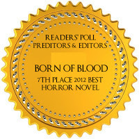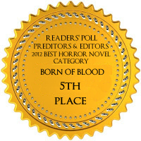 Born of Blood finished 5th in the Best Horror Novel category of the 2012 Preditors and Editors Readers' Poll. To finish in the top 5 of this readers' poll when 57 novels were nominated is both an honor and a privilege. I thank all of you for voting. This is very exciting.
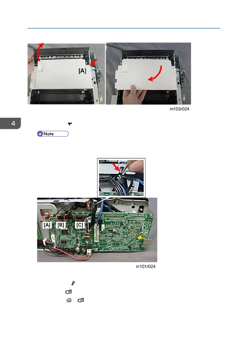 1. If you are servicing the M102 or M103, you must release the tab on the right [A] and remove the
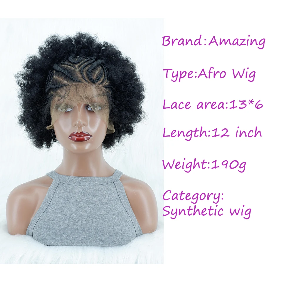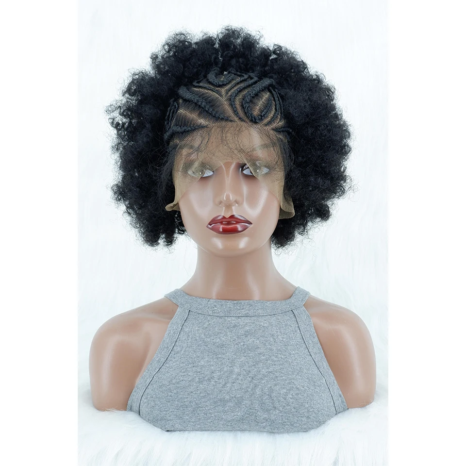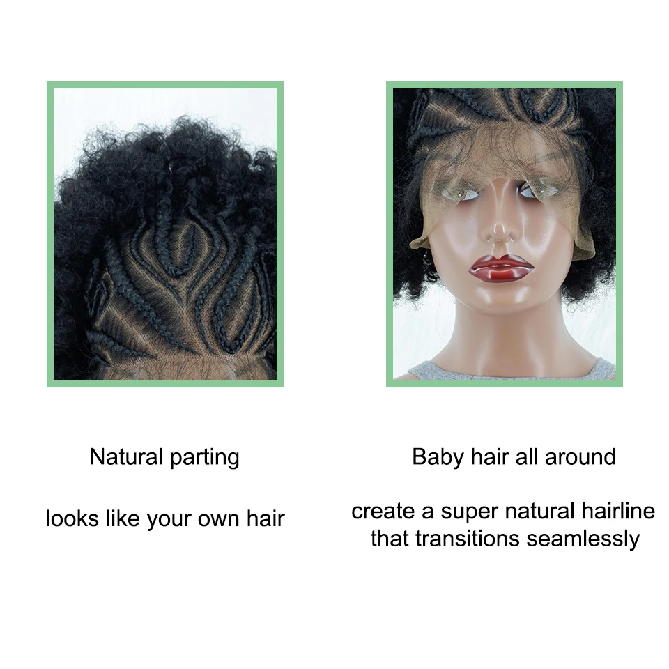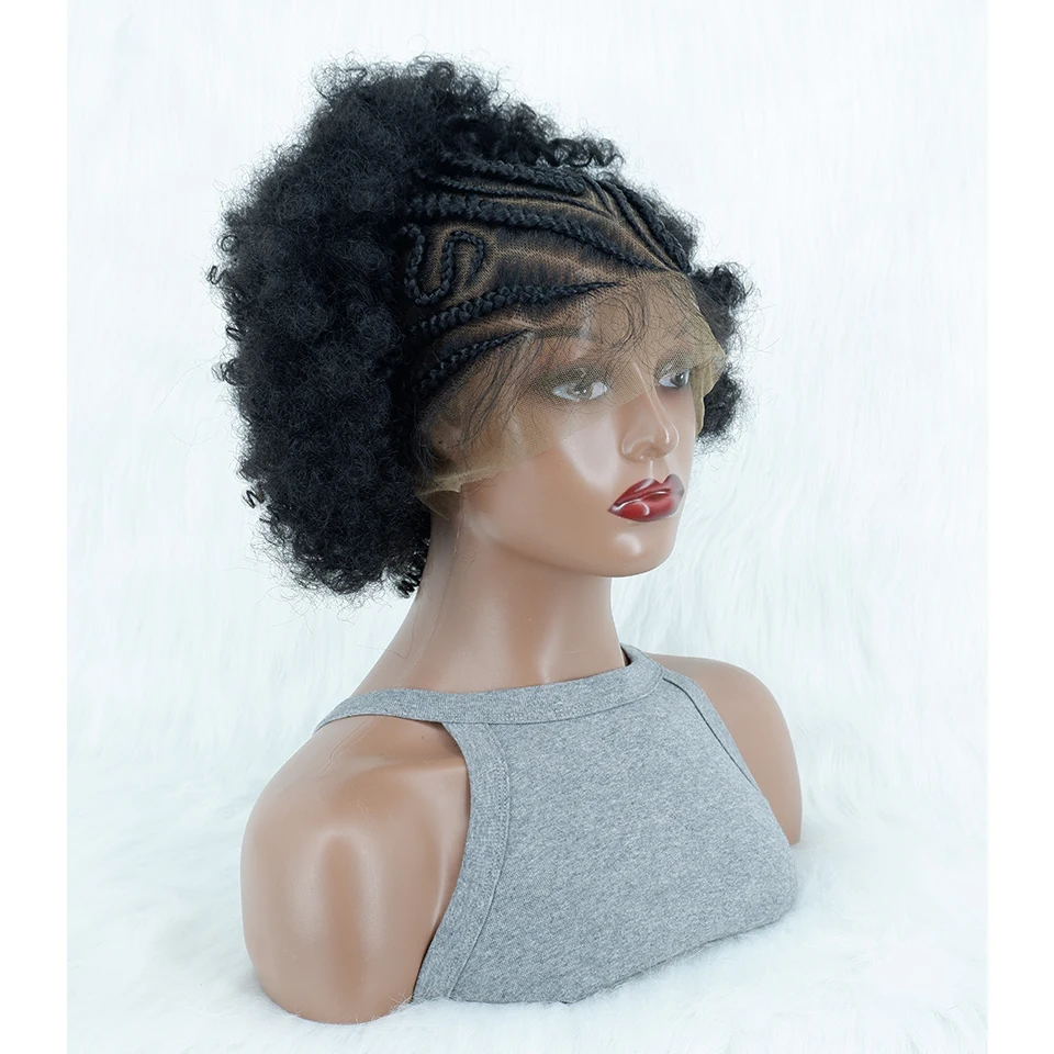 13x6 Synthetic Lace Front Braided Wigs Afro Lace Front Wig With Baby Hair For Black Women Kinky Curly Hair Wigs
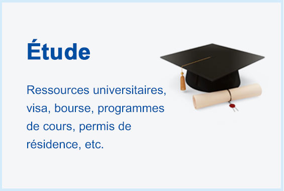 Ressources universitaires, visa, bourse, programmes de cours, permis de résidence, etc.
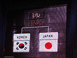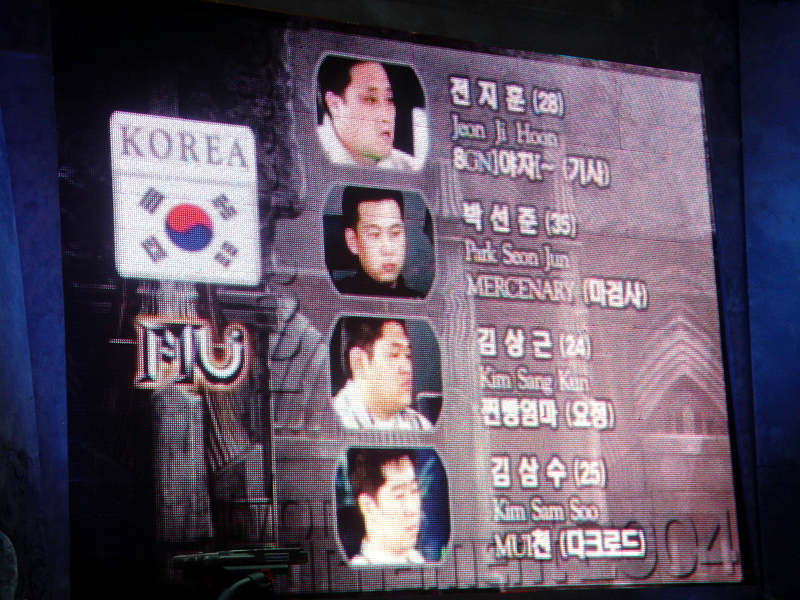 ■決勝トーナメント■ 決勝トーナメントで日本(A組1位)対フィリピン(B組2位),韓国(B組1位)対中国(A組2位)の競技が始まると,「観客の間に決勝戦は日韓戦が見たい!」という雰囲気が広がり始め,中継席もこの雰囲気を察したらしく,日韓戦の可能性を強調したトークで盛り上げていた。 試合結果は,日本対フィリピンは前半戦が100対21で日本が勝利,後半戦も100対12と圧倒的な強さで日本は決勝戦へコマを進めた。一方,韓国対中国は前半戦は100対9と韓国が圧勝したが,後半戦は中国が防衛ラインの見直しを図ったため,韓国は苦しむことに……。とはいえ,さすがMU Onlineのお膝元である韓国は,苦戦しながらも100対84で勝利をものにし,決勝戦へと進出した。
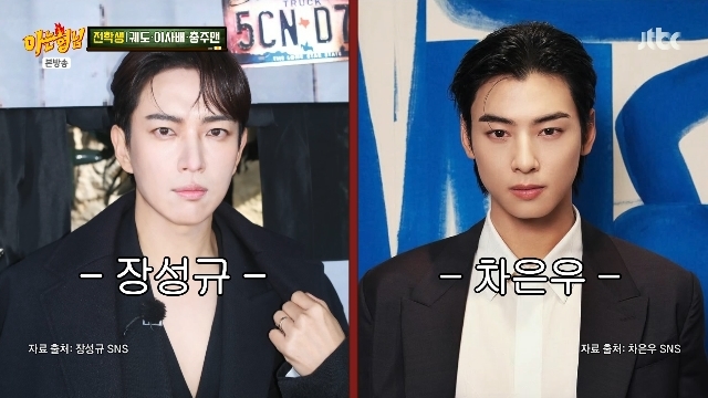 JTBC‘아는형님’캡처JTBC‘아는형님’캡처[뉴스엔서유나기자]아나운서출신방송인장성규가메이크업아티스트이사배의손에가수겸배우차은우로변신했다.8월30일방송된JTBC예능'아는형님'(이하'아형')497회에서는궤도,충주맨김선태,이사배가형님학교로전학을왔다.이날이사배는메이크업해준수많은스타중가장기억에남는사람으로장성규를꼽았다."장성규님은차은우님으로메이크업해드린적있다"고.형님들은장성규가"키도크고잘생겼다"고칭찬하면서도"차은우는상상안된다"며술렁거렸고,이사배는"나도처음에상상안됐다"고밝혔다.차은우메이크업을받은장성규사진이공개됐다.이에신동과김희철은차은우가아니라"김똘똘아냐?"라고말해웃음을자아냈다.이상민은"대단하다"고인정했다.뉴스엔서유나stranger77@기사제보및보도자료[email protected]ⓒ뉴스엔.무단전재&재배포금지Copyright©뉴스엔.무단전재및재배포금지.
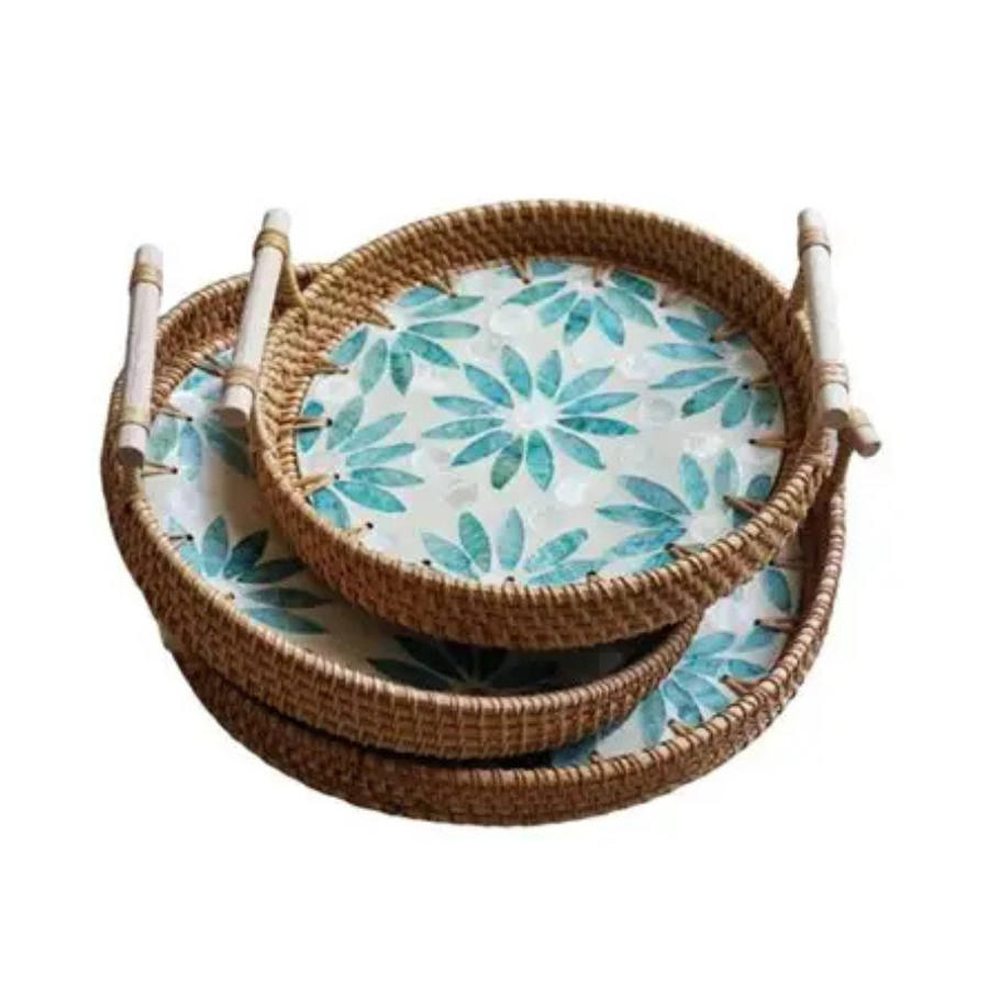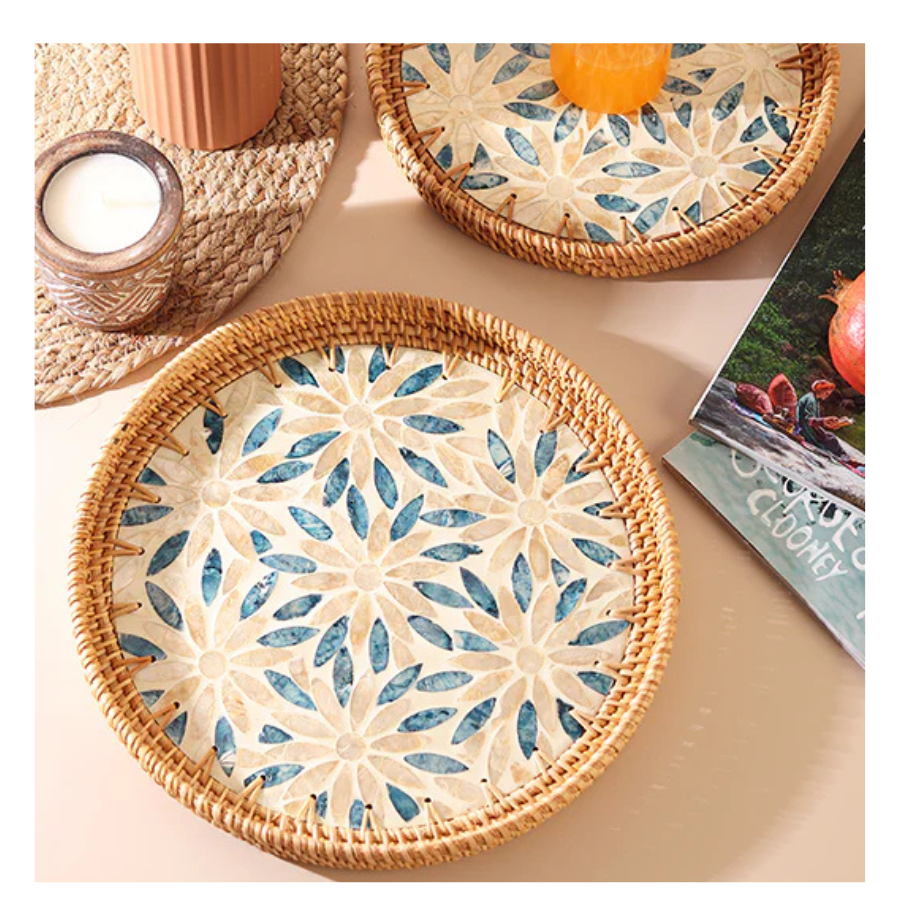 ถาดหวายทอมือพร้อมฝังมุกสำหรับตกแต่งบ้านหรูหราและบริการที่ใช้งานได้
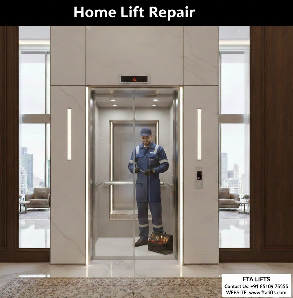 Home lift repair services by FTA Lifts are focused on maintaining the safety, reliability, and smooth performance of residential elevators. Home lifts are an important convenience for modern households, and any malfunction can disrupt daily life. FTA Lifts provides professional repair solutions for a wide range of issues, including mechanical wear and tear, electrical faults, control panel errors, door alignment problems, and abnormal lift movements, ensuring that the system operates efficiently and safely.
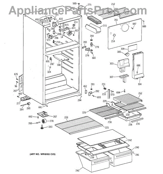 Parts for Ge TBX14DABNRWW: 02 - Cabinet Parts

**Your instructions:** Give a verbatim transcription of the entries, leaving out the pictures.

**Answer box:**
 Born of Blood finished 5th in the Best Horror Novel category of the 2012 Preditors and Editors Readers' Poll. To finish in the top 5 of this readers' poll when 57 novels were nominated is both an honor and a privilege. I thank all of you for voting. This is very exciting.
 1. If you are servicing the M102 or M103, you must release the tab on the right [A] and remove the
 13x6 Synthetic Lace Front Braided Wigs Afro Lace Front Wig With Baby Hair For Black Women Kinky Curly Hair Wigs
 Ressources universitaires, visa, bourse, programmes de cours, permis de résidence, etc.
 ■決勝トーナメント■ 決勝トーナメントで日本(A組1位)対フィリピン(B組2位),韓国(B組1位)対中国(A組2位)の競技が始まると,「観客の間に決勝戦は日韓戦が見たい!」という雰囲気が広がり始め,中継席もこの雰囲気を察したらしく,日韓戦の可能性を強調したトークで盛り上げていた。 試合結果は,日本対フィリピンは前半戦が100対21で日本が勝利,後半戦も100対12と圧倒的な強さで日本は決勝戦へコマを進めた。一方,韓国対中国は前半戦は100対9と韓国が圧勝したが,後半戦は中国が防衛ラインの見直しを図ったため,韓国は苦しむことに……。とはいえ,さすがMU Onlineのお膝元である韓国は,苦戦しながらも100対84で勝利をものにし,決勝戦へと進出した。
 JTBC‘아는형님’캡처JTBC‘아는형님’캡처[뉴스엔서유나기자]아나운서출신방송인장성규가메이크업아티스트이사배의손에가수겸배우차은우로변신했다.8월30일방송된JTBC예능'아는형님'(이하'아형')497회에서는궤도,충주맨김선태,이사배가형님학교로전학을왔다.이날이사배는메이크업해준수많은스타중가장기억에남는사람으로장성규를꼽았다."장성규님은차은우님으로메이크업해드린적있다"고.형님들은장성규가"키도크고잘생겼다"고칭찬하면서도"차은우는상상안된다"며술렁거렸고,이사배는"나도처음에상상안됐다"고밝혔다.차은우메이크업을받은장성규사진이공개됐다.이에신동과김희철은차은우가아니라"김똘똘아냐?"라고말해웃음을자아냈다.이상민은"대단하다"고인정했다.뉴스엔서유나stranger77@기사제보및보도자료[email protected]ⓒ뉴스엔.무단전재&재배포금지Copyright©뉴스엔.무단전재및재배포금지.
 ถาดหวายทอมือพร้อมฝังมุกสำหรับตกแต่งบ้านหรูหราและบริการที่ใช้งานได้
 Home lift repair services by FTA Lifts are focused on maintaining the safety, reliability, and smooth performance of residential elevators. Home lifts are an important convenience for modern households, and any malfunction can disrupt daily life. FTA Lifts provides professional repair solutions for a wide range of issues, including mechanical wear and tear, electrical faults, control panel errors, door alignment problems, and abnormal lift movements, ensuring that the system operates efficiently and safely.
 Parts for Ge TBX14DABNRWW: 02 - Cabinet Parts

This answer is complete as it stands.